- [Task objective]:
Would you please reproduce all the entries word for word, minus the pictures?

- [Extracted records]:

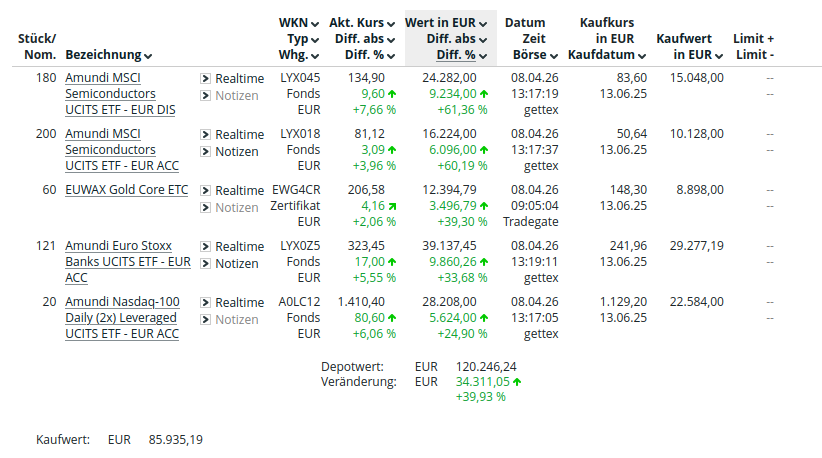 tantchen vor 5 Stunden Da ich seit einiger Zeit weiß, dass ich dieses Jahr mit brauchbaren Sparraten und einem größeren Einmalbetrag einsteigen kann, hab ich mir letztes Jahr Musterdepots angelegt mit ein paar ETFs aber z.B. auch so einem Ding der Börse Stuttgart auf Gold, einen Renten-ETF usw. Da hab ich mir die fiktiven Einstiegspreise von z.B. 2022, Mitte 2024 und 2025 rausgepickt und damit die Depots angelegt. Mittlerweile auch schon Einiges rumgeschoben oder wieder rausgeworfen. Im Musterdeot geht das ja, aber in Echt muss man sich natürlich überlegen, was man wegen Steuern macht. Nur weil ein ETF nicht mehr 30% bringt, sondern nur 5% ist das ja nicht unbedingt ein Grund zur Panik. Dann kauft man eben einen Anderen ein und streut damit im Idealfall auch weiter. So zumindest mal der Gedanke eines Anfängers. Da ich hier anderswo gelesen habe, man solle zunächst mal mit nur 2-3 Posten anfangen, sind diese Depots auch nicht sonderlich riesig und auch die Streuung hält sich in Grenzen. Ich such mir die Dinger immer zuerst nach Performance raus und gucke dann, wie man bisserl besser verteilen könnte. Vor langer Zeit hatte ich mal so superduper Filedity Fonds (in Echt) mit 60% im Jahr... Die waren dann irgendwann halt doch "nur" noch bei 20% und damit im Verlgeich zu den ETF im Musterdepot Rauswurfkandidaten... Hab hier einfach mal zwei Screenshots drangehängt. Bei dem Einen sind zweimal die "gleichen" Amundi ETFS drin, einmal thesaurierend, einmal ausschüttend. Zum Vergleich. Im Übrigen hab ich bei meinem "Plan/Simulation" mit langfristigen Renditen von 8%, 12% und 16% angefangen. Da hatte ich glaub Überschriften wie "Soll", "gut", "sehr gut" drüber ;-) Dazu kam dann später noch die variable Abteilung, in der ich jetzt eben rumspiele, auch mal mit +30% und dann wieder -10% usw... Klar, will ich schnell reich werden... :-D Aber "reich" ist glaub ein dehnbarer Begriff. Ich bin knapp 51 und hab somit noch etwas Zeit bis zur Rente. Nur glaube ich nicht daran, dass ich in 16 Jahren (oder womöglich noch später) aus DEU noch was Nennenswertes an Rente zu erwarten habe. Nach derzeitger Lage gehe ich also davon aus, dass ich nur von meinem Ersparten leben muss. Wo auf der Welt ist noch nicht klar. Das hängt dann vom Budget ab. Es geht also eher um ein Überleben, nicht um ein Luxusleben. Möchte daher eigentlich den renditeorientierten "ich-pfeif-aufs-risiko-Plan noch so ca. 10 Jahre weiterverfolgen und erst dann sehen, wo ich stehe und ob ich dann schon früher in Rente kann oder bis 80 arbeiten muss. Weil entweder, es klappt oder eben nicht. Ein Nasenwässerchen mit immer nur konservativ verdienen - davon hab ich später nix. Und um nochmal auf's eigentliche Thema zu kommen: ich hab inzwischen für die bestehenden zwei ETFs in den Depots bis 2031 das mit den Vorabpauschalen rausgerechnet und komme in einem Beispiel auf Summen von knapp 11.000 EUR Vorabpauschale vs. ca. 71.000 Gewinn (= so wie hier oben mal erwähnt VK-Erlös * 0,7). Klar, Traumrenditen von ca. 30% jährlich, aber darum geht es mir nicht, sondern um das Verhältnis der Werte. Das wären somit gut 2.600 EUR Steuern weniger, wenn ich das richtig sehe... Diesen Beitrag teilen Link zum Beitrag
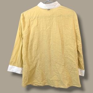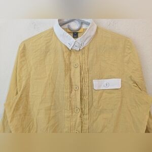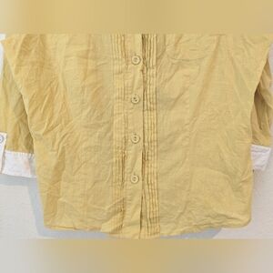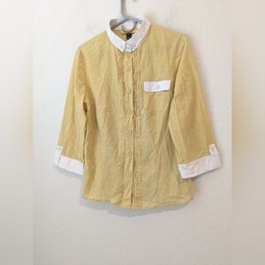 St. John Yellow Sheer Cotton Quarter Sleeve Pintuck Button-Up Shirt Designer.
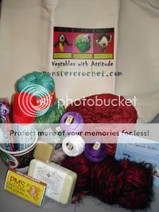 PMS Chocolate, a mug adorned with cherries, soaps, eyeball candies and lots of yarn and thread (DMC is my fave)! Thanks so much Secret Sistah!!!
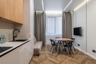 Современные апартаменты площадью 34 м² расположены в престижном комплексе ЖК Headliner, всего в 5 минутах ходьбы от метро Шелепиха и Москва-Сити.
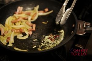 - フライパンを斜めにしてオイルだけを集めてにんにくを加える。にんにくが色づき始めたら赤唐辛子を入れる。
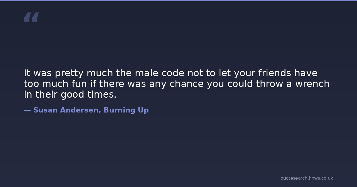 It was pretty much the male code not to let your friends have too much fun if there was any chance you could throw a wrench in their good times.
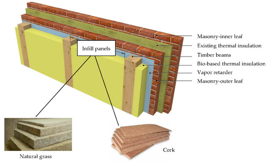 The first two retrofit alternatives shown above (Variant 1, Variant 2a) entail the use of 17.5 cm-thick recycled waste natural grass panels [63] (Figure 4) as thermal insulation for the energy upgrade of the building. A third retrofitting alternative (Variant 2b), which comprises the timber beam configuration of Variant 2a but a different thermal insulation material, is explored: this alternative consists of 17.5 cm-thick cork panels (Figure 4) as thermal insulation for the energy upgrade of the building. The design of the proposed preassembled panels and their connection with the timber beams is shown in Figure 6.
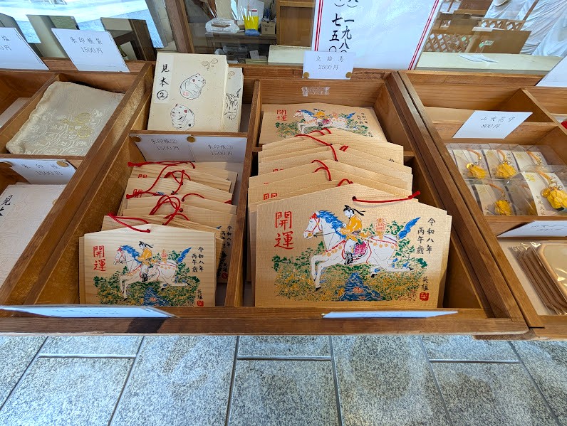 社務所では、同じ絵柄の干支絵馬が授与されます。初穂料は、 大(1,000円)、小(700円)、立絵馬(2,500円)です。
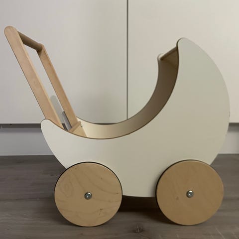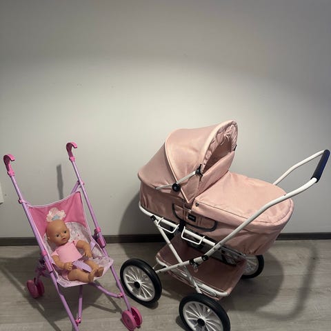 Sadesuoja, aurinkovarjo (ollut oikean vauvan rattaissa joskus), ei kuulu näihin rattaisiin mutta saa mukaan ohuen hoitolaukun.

- [Written answer]:
 tantchen vor 5 Stunden Da ich seit einiger Zeit weiß, dass ich dieses Jahr mit brauchbaren Sparraten und einem größeren Einmalbetrag einsteigen kann, hab ich mir letztes Jahr Musterdepots angelegt mit ein paar ETFs aber z.B. auch so einem Ding der Börse Stuttgart auf Gold, einen Renten-ETF usw. Da hab ich mir die fiktiven Einstiegspreise von z.B. 2022, Mitte 2024 und 2025 rausgepickt und damit die Depots angelegt. Mittlerweile auch schon Einiges rumgeschoben oder wieder rausgeworfen. Im Musterdeot geht das ja, aber in Echt muss man sich natürlich überlegen, was man wegen Steuern macht. Nur weil ein ETF nicht mehr 30% bringt, sondern nur 5% ist das ja nicht unbedingt ein Grund zur Panik. Dann kauft man eben einen Anderen ein und streut damit im Idealfall auch weiter. So zumindest mal der Gedanke eines Anfängers. Da ich hier anderswo gelesen habe, man solle zunächst mal mit nur 2-3 Posten anfangen, sind diese Depots auch nicht sonderlich riesig und auch die Streuung hält sich in Grenzen. Ich such mir die Dinger immer zuerst nach Performance raus und gucke dann, wie man bisserl besser verteilen könnte. Vor langer Zeit hatte ich mal so superduper Filedity Fonds (in Echt) mit 60% im Jahr... Die waren dann irgendwann halt doch "nur" noch bei 20% und damit im Verlgeich zu den ETF im Musterdepot Rauswurfkandidaten... Hab hier einfach mal zwei Screenshots drangehängt. Bei dem Einen sind zweimal die "gleichen" Amundi ETFS drin, einmal thesaurierend, einmal ausschüttend. Zum Vergleich. Im Übrigen hab ich bei meinem "Plan/Simulation" mit langfristigen Renditen von 8%, 12% und 16% angefangen. Da hatte ich glaub Überschriften wie "Soll", "gut", "sehr gut" drüber ;-) Dazu kam dann später noch die variable Abteilung, in der ich jetzt eben rumspiele, auch mal mit +30% und dann wieder -10% usw... Klar, will ich schnell reich werden... :-D Aber "reich" ist glaub ein dehnbarer Begriff. Ich bin knapp 51 und hab somit noch etwas Zeit bis zur Rente. Nur glaube ich nicht daran, dass ich in 16 Jahren (oder womöglich noch später) aus DEU noch was Nennenswertes an Rente zu erwarten habe. Nach derzeitger Lage gehe ich also davon aus, dass ich nur von meinem Ersparten leben muss. Wo auf der Welt ist noch nicht klar. Das hängt dann vom Budget ab. Es geht also eher um ein Überleben, nicht um ein Luxusleben. Möchte daher eigentlich den renditeorientierten "ich-pfeif-aufs-risiko-Plan noch so ca. 10 Jahre weiterverfolgen und erst dann sehen, wo ich stehe und ob ich dann schon früher in Rente kann oder bis 80 arbeiten muss. Weil entweder, es klappt oder eben nicht. Ein Nasenwässerchen mit immer nur konservativ verdienen - davon hab ich später nix. Und um nochmal auf's eigentliche Thema zu kommen: ich hab inzwischen für die bestehenden zwei ETFs in den Depots bis 2031 das mit den Vorabpauschalen rausgerechnet und komme in einem Beispiel auf Summen von knapp 11.000 EUR Vorabpauschale vs. ca. 71.000 Gewinn (= so wie hier oben mal erwähnt VK-Erlös * 0,7). Klar, Traumrenditen von ca. 30% jährlich, aber darum geht es mir nicht, sondern um das Verhältnis der Werte. Das wären somit gut 2.600 EUR Steuern weniger, wenn ich das richtig sehe... Diesen Beitrag teilen Link zum Beitrag
 St. John Yellow Sheer Cotton Quarter Sleeve Pintuck Button-Up Shirt Designer.
 PMS Chocolate, a mug adorned with cherries, soaps, eyeball candies and lots of yarn and thread (DMC is my fave)! Thanks so much Secret Sistah!!!
 Современные апартаменты площадью 34 м² расположены в престижном комплексе ЖК Headliner, всего в 5 минутах ходьбы от метро Шелепиха и Москва-Сити.
 - フライパンを斜めにしてオイルだけを集めてにんにくを加える。にんにくが色づき始めたら赤唐辛子を入れる。
 It was pretty much the male code not to let your friends have too much fun if there was any chance you could throw a wrench in their good times.
 The first two retrofit alternatives shown above (Variant 1, Variant 2a) entail the use of 17.5 cm-thick recycled waste natural grass panels [63] (Figure 4) as thermal insulation for the energy upgrade of the building. A third retrofitting alternative (Variant 2b), which comprises the timber beam configuration of Variant 2a but a different thermal insulation material, is explored: this alternative consists of 17.5 cm-thick cork panels (Figure 4) as thermal insulation for the energy upgrade of the building. The design of the proposed preassembled panels and their connection with the timber beams is shown in Figure 6.
 社務所では、同じ絵柄の干支絵馬が授与されます。初穂料は、 大(1,000円)、小(700円)、立絵馬(2,500円)です。
 Sadesuoja, aurinkovarjo (ollut oikean vauvan rattaissa joskus), ei kuulu näihin rattaisiin mutta saa mukaan ohuen hoitolaukun.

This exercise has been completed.